EXERCISE DETAILS:
Print the listing in full, with no character changed.

PROVIDED DATA:

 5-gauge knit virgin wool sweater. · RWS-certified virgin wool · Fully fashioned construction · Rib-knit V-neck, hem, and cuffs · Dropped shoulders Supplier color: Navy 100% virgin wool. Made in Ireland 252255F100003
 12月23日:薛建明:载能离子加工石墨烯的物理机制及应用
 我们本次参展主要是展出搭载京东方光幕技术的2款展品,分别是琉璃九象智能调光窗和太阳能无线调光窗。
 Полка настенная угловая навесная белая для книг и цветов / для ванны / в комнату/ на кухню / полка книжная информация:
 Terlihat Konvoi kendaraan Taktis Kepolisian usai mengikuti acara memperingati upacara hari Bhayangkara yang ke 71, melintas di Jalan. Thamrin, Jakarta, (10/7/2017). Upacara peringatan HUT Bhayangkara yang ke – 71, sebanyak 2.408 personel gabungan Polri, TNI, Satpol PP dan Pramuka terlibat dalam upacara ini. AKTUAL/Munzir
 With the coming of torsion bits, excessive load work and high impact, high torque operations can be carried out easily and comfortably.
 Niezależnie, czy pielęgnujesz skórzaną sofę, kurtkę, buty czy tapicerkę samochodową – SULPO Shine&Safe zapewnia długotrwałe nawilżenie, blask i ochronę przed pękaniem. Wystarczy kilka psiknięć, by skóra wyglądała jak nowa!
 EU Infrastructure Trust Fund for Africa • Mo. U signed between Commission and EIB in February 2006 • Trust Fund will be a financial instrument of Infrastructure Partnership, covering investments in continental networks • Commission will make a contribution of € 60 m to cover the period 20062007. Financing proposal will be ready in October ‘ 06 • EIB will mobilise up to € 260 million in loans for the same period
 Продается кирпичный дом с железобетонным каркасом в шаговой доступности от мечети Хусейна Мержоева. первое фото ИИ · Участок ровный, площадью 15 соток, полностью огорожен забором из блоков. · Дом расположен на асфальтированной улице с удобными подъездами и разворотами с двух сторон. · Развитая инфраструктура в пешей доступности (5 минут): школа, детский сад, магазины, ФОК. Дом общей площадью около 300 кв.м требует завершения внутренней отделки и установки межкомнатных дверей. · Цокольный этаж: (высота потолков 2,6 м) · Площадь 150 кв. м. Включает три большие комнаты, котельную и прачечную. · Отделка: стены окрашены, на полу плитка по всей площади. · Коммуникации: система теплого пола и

WRITTEN REPLY:
 5-gauge knit virgin wool sweater. · RWS-certified virgin wool · Fully fashioned construction · Rib-knit V-neck, hem, and cuffs · Dropped shoulders Supplier color: Navy 100% virgin wool. Made in Ireland 252255F100003
 12月23日:薛建明:载能离子加工石墨烯的物理机制及应用
 我们本次参展主要是展出搭载京东方光幕技术的2款展品,分别是琉璃九象智能调光窗和太阳能无线调光窗。
 Полка настенная угловая навесная белая для книг и цветов / для ванны / в комнату/ на кухню / полка книжная информация:
 Terlihat Konvoi kendaraan Taktis Kepolisian usai mengikuti acara memperingati upacara hari Bhayangkara yang ke 71, melintas di Jalan. Thamrin, Jakarta, (10/7/2017). Upacara peringatan HUT Bhayangkara yang ke – 71, sebanyak 2.408 personel gabungan Polri, TNI, Satpol PP dan Pramuka terlibat dalam upacara ini. AKTUAL/Munzir
 With the coming of torsion bits, excessive load work and high impact, high torque operations can be carried out easily and comfortably.
 Niezależnie, czy pielęgnujesz skórzaną sofę, kurtkę, buty czy tapicerkę samochodową – SULPO Shine&Safe zapewnia długotrwałe nawilżenie, blask i ochronę przed pękaniem. Wystarczy kilka psiknięć, by skóra wyglądała jak nowa!
 EU Infrastructure Trust Fund for Africa • Mo. U signed between Commission and EIB in February 2006 • Trust Fund will be a financial instrument of Infrastructure Partnership, covering investments in continental networks • Commission will make a contribution of € 60 m to cover the period 20062007. Financing proposal will be ready in October ‘ 06 • EIB will mobilise up to € 260 million in loans for the same period
 Продается кирпичный дом с железобетонным каркасом в шаговой доступности от мечети Хусейна Мержоева. первое фото ИИ · Участок ровный, площадью 15 соток, полностью огорожен забором из блоков. · Дом расположен на асфальтированной улице с удобными подъездами и разворотами с двух сторон. · Развитая инфраструктура в пешей доступности (5 минут): школа, детский сад, магазины, ФОК. Дом общей площадью около 300 кв.м требует завершения внутренней отделки и установки межкомнатных дверей. · Цокольный этаж: (высота потолков 2,6 м) · Площадь 150 кв. м. Включает три большие комнаты, котельную и прачечную. · Отделка: стены окрашены, на полу плитка по всей площади. · Коммуникации: система теплого пола и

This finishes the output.